Thought for the Day - 23/08/2014 - Anna Magnusson
Edinburgh during the Festival feels to me as if the city’s throwing its arms out and welcoming the world. You can feel the energy and life. And I say that as a proud Glaswegian who’s still basking in the afterglow of the Commonwealth Games…
But standing here, I’m also thinking of another place where celebrations happened this month. A week ago today I was sitting at a café table in a village in the south of France. I was listening to an earnest young man called Remy talking about the liberation of Provence in August 1944. The Allied landings along the Mediterranean beaches took place 10 weeks after the D-Day invasion of Normandy.
It’s a story we don’t hear much about, but in France it’s commemorated every year in villages and towns all over the South. In my village the rose was flowing, and people lined the streets as the fete began with a parade of 1940s vehicles driven by men in authentic military uniforms.
That’s when I met Remy. He was driving a jeep, and dressed as an RAF pilot officer, with a peaked cap just a tiny bit too big. He’s part of a Re-enactment Association and every summer for ten days he takes part in fetes like this in different local villages. Remy couldn’t have been more than thirty. He was born many decades after the Liberation of France, but he regularly visits schools to tell children the story of the war.
It might seem odd to link my French village to Edinburgh at Festival time, but the fact is that the first Festival in 1947 emerged from the darkness and dearth of the war.

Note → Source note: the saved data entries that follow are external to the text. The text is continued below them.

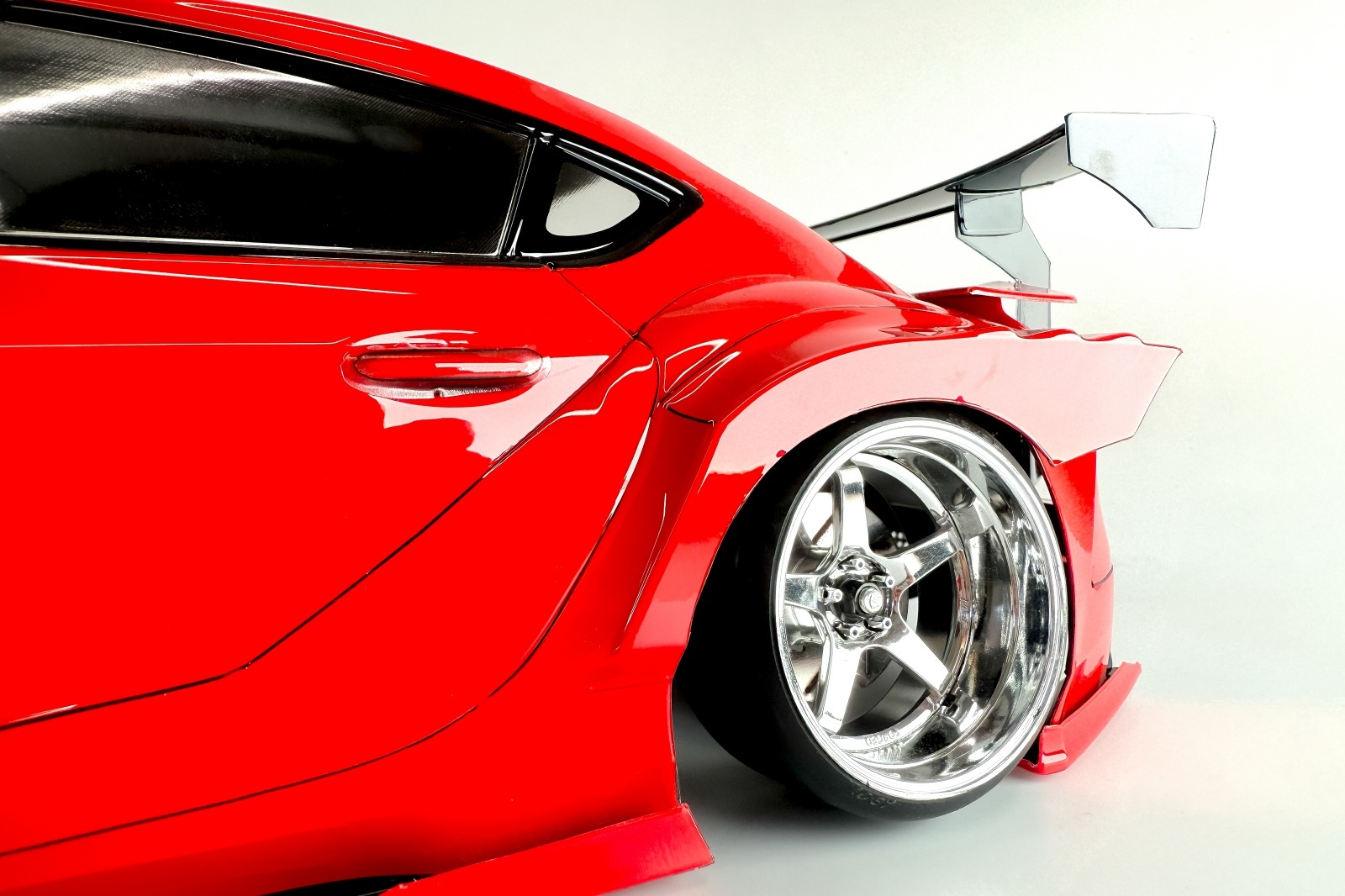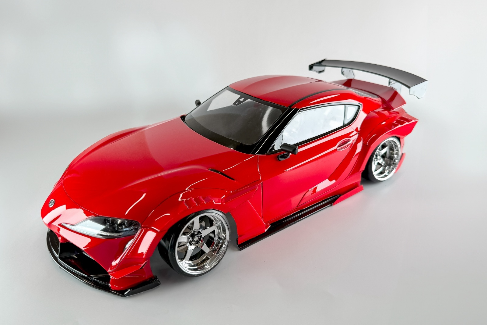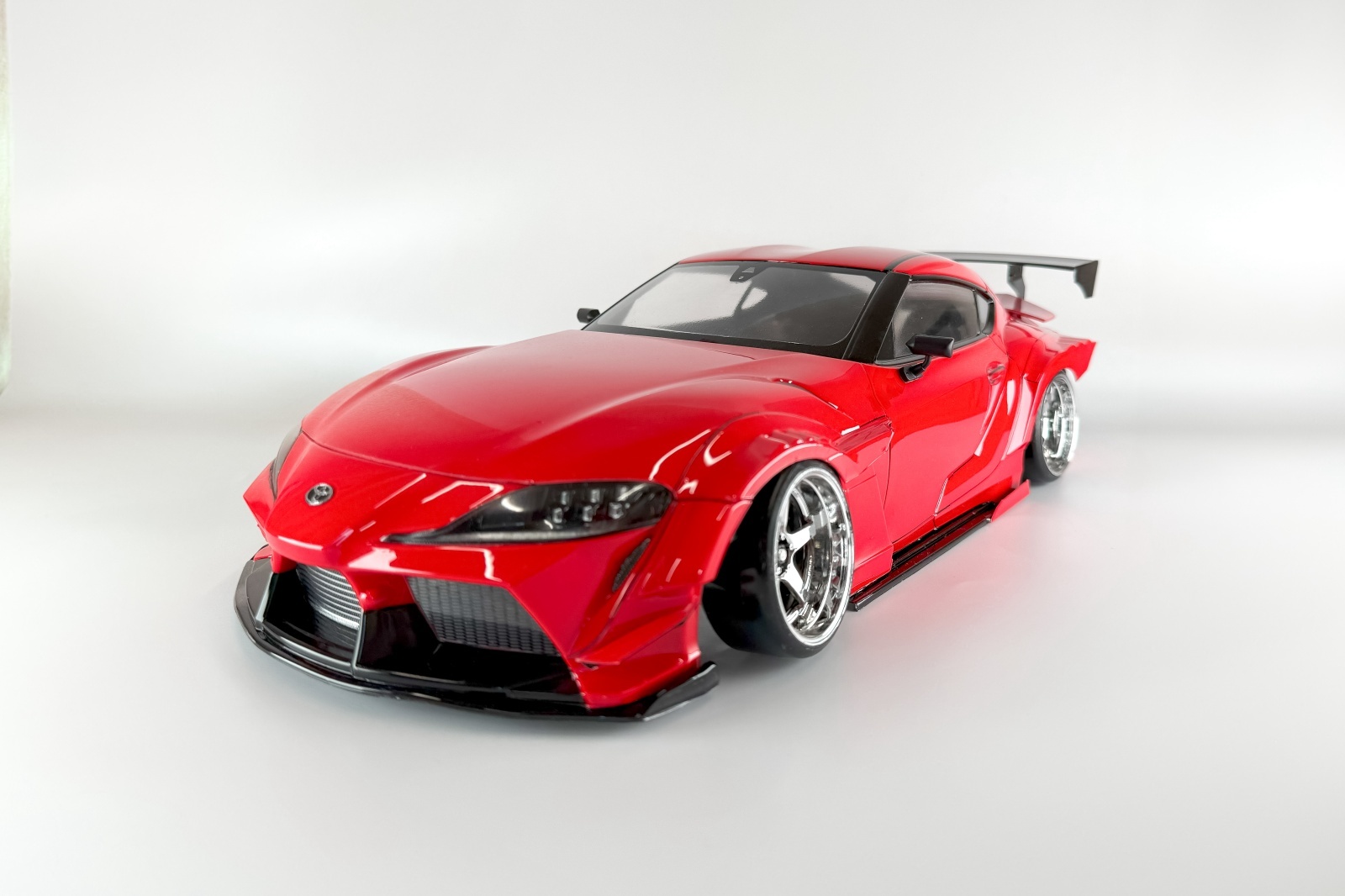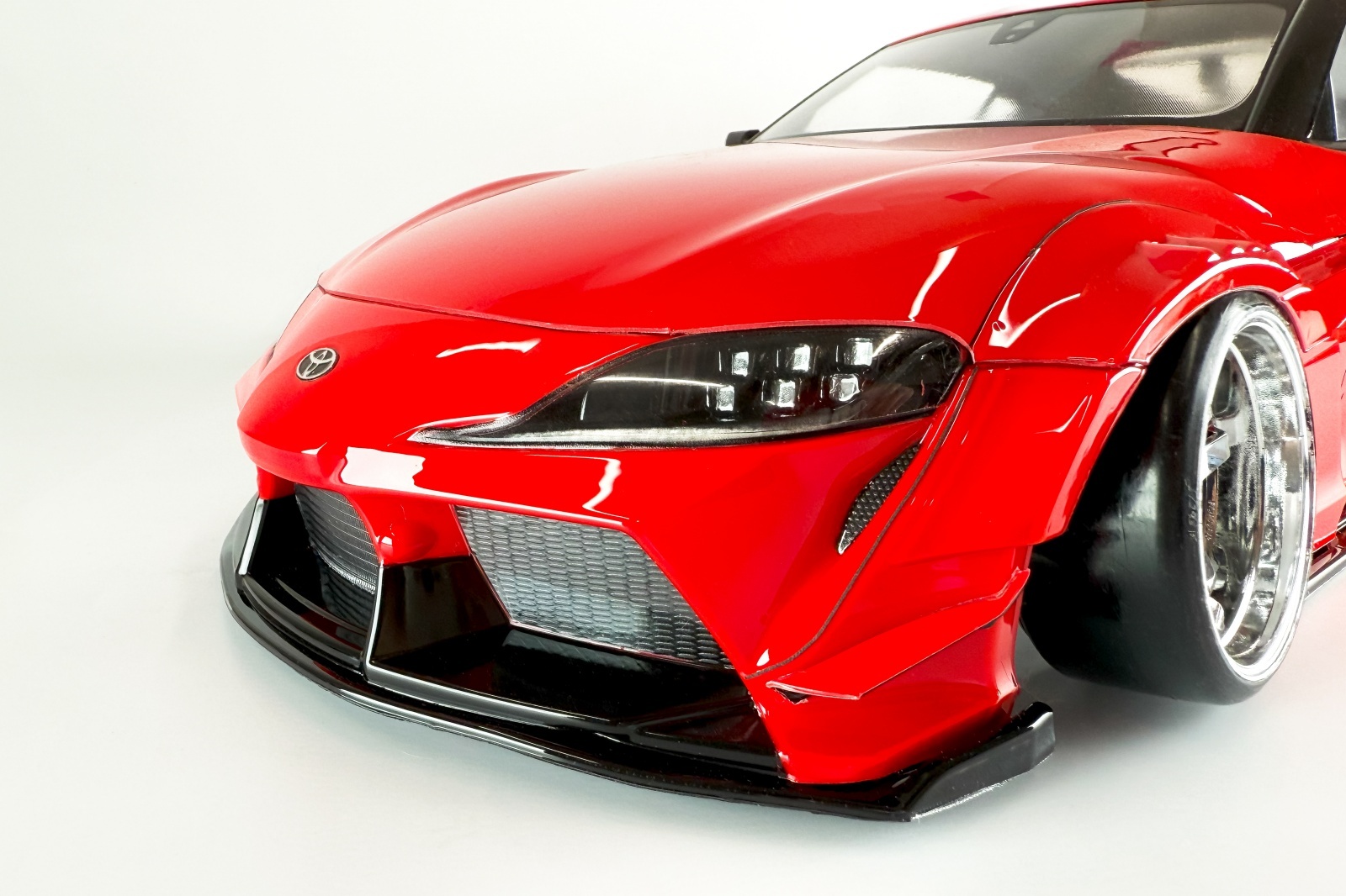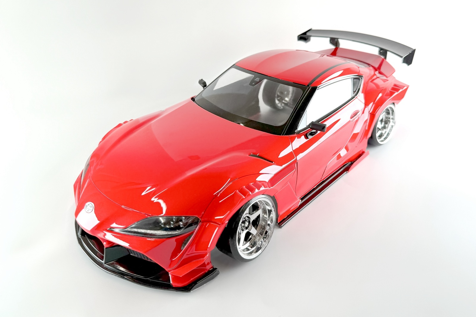 This faithfully recreates the racing aerodynamic body shell of the WEINS Toyota Kanagawa x OreDa! Racing Supra body set.
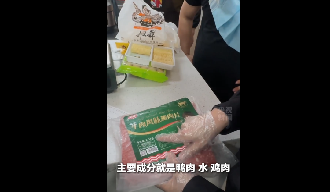 然后是鸭肉变“牛肉”。先给大家看一句神回复——记者问福建漳州刘文祥麻辣烫的店员:你们这卖的是牛肉吗?店员说:“牛肉都三四十一斤,我们才卖二十一斤,你觉得有可能是纯的牛肉吗?”我寻思这哥们说的好像……有点道理???所以菜单上写牛肉,其实你自己该知道那不是牛肉?行,怪我咯。(背后是什么:鸭肉、鸡肉冒充牛羊肉,线上线下标注不一致,多地门店都这样。)
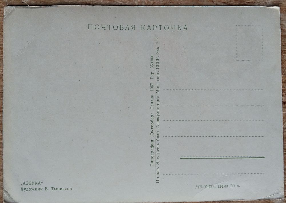 Тыниссон В. "Азбука". 1957 г. Таллин. Чистая.
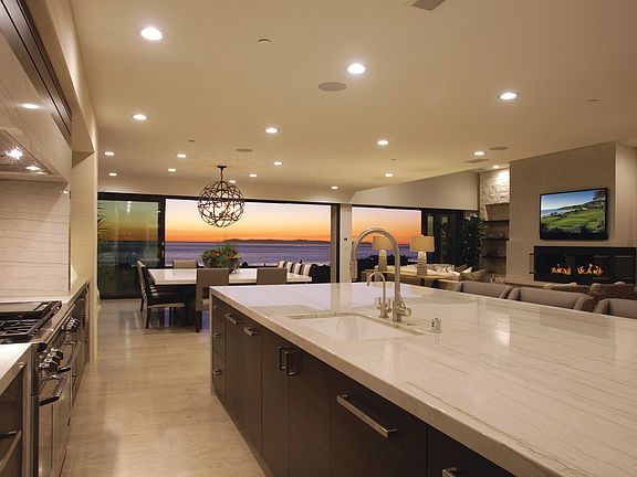 Stunning newly built modern designed home over 5,300 Sq. Ft. on a Large Lot of over 15,000 Sq. Ft. and 4 car garage. Dramatic high volume ceilings with spectacular skylights provide natural light throughout. Single-level living with large master-suite on the main floor with fireplace & impressive ocean views. An additional 2nd master en-suite plus media room upstairs with whitewater views makes this home truly one-of-a-kind. Spectacular custom gourmet kitchen opens to a seamless Great Room concept. Ideal for Entertaining! The innovative floor to ceiling sliding glass disappearing doors creates an indoor/outdoor living experience. An ocean view spa, 2 fire pits, & lush landscaping awaits you!

It was the brainchild of Rudolf Bing, an Austrian-Jew and opera impresario who’d fled Nazi Germany in the 1930s. The founders of the Festival wanted it to be what they called ‘a platform for the flowering of the human spirit'. They believed that art and culture could bring people together from across the world.
The Christian theologian Dietrich Bonhoeffer described optimism as ‘a source of inspiration, of vitality and hope where others have resigned; it enables a man to hold his head high’ he said , ‘ to claim the future for himself and not to abandon it to his enemy.”
There are different ways of celebrating liberation. My French village commemorated freedom from war by re-enacting the past, and raising a glass to life and sunshine. Here in Edinburgh, the Festival unleashed a magnificent creative imagination: born of the heart, the soul and the spirit – and never exhausted.